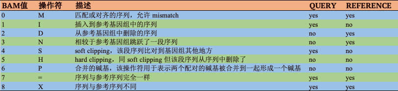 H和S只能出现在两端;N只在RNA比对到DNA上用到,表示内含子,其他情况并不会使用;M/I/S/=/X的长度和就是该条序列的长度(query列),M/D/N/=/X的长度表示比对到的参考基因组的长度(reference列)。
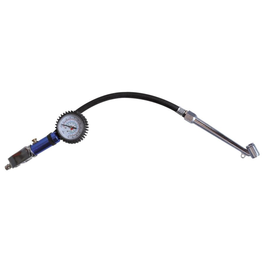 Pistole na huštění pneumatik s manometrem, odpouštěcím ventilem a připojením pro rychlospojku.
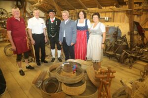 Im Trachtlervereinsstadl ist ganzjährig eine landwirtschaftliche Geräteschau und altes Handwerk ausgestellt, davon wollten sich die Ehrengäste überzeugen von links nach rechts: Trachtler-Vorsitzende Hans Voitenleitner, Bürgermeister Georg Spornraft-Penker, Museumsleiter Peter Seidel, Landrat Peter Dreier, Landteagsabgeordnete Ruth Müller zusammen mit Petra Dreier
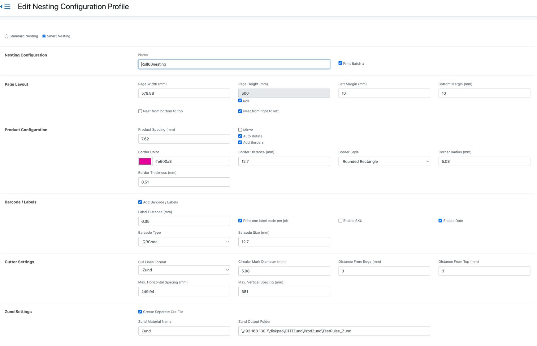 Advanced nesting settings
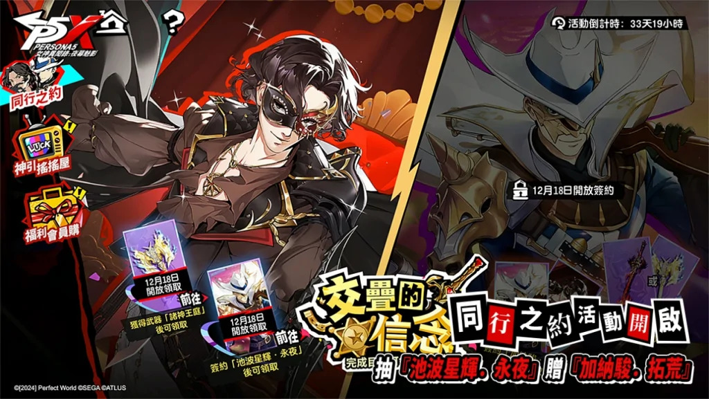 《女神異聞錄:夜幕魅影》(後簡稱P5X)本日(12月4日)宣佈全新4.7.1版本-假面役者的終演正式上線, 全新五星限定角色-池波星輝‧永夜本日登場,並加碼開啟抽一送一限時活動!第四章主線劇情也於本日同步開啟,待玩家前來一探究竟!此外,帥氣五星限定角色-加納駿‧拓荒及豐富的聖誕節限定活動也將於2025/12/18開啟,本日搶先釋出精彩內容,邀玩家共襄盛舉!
☆ ☆ ☆
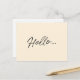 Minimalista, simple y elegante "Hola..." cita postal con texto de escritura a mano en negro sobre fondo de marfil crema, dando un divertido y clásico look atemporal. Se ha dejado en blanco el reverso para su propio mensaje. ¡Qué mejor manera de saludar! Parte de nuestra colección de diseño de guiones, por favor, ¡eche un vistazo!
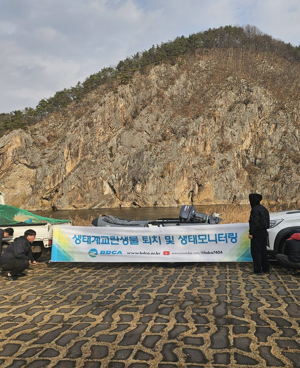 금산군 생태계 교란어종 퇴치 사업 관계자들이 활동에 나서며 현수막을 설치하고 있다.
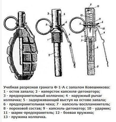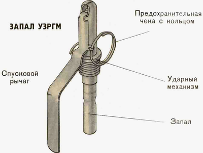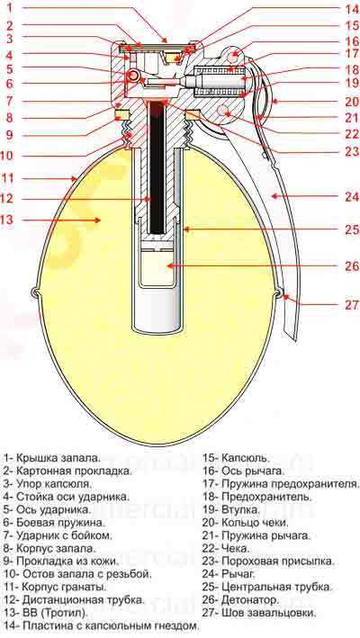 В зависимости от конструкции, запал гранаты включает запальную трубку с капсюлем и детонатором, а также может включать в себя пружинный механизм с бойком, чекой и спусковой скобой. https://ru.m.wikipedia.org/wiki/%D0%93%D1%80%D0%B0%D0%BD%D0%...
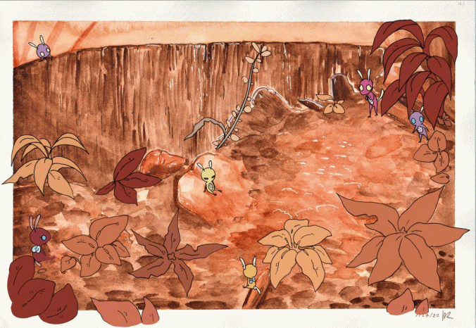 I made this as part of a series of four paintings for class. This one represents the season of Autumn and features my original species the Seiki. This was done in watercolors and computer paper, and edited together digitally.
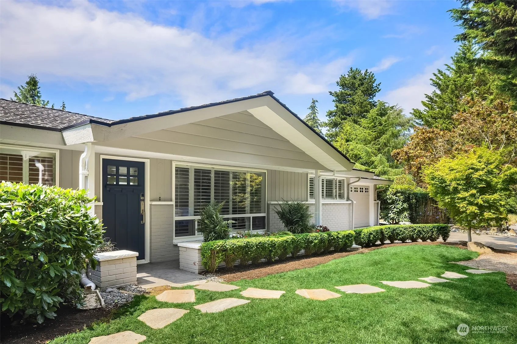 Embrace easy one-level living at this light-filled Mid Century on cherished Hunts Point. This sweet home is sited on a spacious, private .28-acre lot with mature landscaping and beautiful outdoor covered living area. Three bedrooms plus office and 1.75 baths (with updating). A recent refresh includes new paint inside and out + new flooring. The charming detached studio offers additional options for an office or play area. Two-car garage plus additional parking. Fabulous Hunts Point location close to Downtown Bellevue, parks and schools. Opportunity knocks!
☆ ☆ ☆
| What is expected |
Go to the line above that has "I made this" and copy exactly from there down to the line that has "Embrace easy one-level", both included. Leave the pictures out.

| Your solution |
 I made this as part of a series of four paintings for class. This one represents the season of Autumn and features my original species the Seiki. This was done in watercolors and computer paper, and edited together digitally.
 Embrace easy one-level living at this light-filled Mid Century on cherished Hunts Point. This sweet home is sited on a spacious, private .28-acre lot with mature landscaping and beautiful outdoor covered living area. Three bedrooms plus office and 1.75 baths (with updating). A recent refresh includes new paint inside and out + new flooring. The charming detached studio offers additional options for an office or play area. Two-car garage plus additional parking. Fabulous Hunts Point location close to Downtown Bellevue, parks and schools. Opportunity knocks!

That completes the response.